Work item → Please output exactly the lines below, starting at the line that has "Hierarchical taxonomy of" and ending at the line that has "Ankara Esenboğa Havalimanı'nda", both included; leave out all pictures and include nothing else.

Provided data →
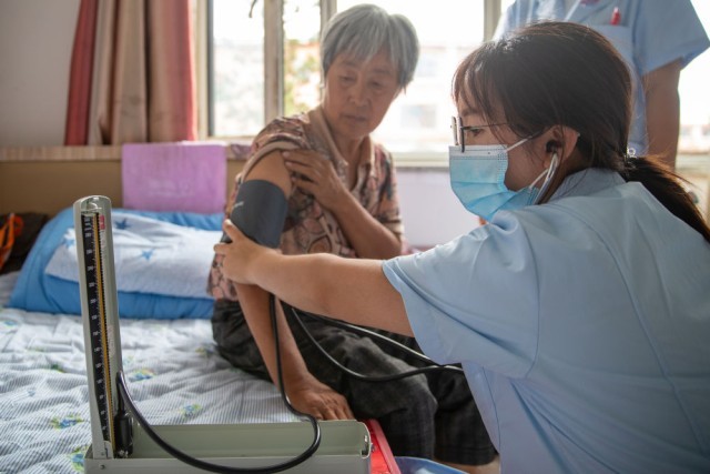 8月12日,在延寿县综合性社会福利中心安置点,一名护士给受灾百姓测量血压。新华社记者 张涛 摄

==

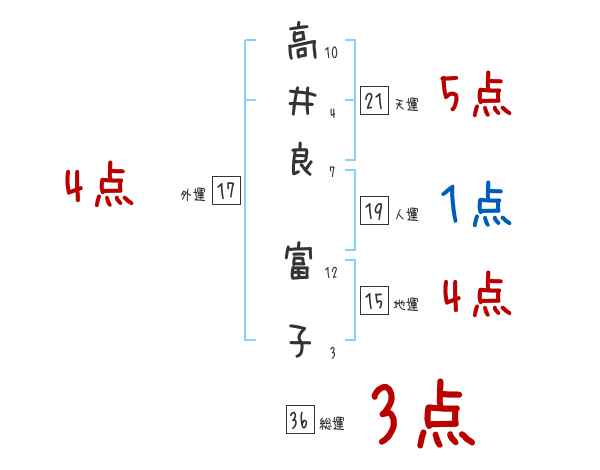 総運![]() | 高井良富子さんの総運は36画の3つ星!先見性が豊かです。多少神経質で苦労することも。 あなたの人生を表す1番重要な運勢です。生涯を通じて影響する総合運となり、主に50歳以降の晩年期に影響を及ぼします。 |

==

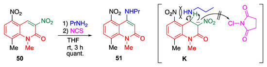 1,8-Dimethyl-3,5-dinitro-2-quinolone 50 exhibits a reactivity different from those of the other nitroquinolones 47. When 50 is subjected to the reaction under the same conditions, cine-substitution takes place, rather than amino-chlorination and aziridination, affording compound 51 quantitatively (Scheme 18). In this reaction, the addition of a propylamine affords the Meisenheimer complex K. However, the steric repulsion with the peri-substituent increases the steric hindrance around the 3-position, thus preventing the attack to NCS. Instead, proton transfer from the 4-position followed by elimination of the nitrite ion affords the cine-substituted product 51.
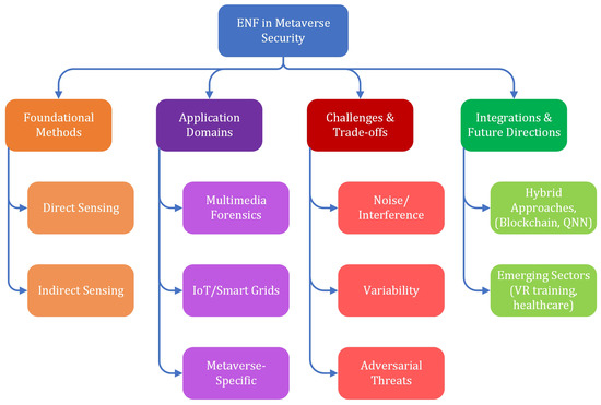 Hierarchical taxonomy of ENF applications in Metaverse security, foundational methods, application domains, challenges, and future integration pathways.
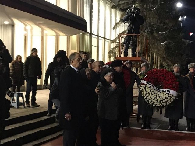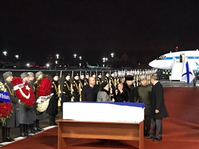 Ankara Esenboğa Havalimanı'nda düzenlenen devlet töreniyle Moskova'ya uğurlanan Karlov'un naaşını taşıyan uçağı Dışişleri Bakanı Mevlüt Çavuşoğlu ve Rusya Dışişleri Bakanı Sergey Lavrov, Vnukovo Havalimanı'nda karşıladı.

Answer space →
 Hierarchical taxonomy of ENF applications in Metaverse security, foundational methods, application domains, challenges, and future integration pathways.
 Ankara Esenboğa Havalimanı'nda düzenlenen devlet töreniyle Moskova'ya uğurlanan Karlov'un naaşını taşıyan uçağı Dışişleri Bakanı Mevlüt Çavuşoğlu ve Rusya Dışişleri Bakanı Sergey Lavrov, Vnukovo Havalimanı'nda karşıladı.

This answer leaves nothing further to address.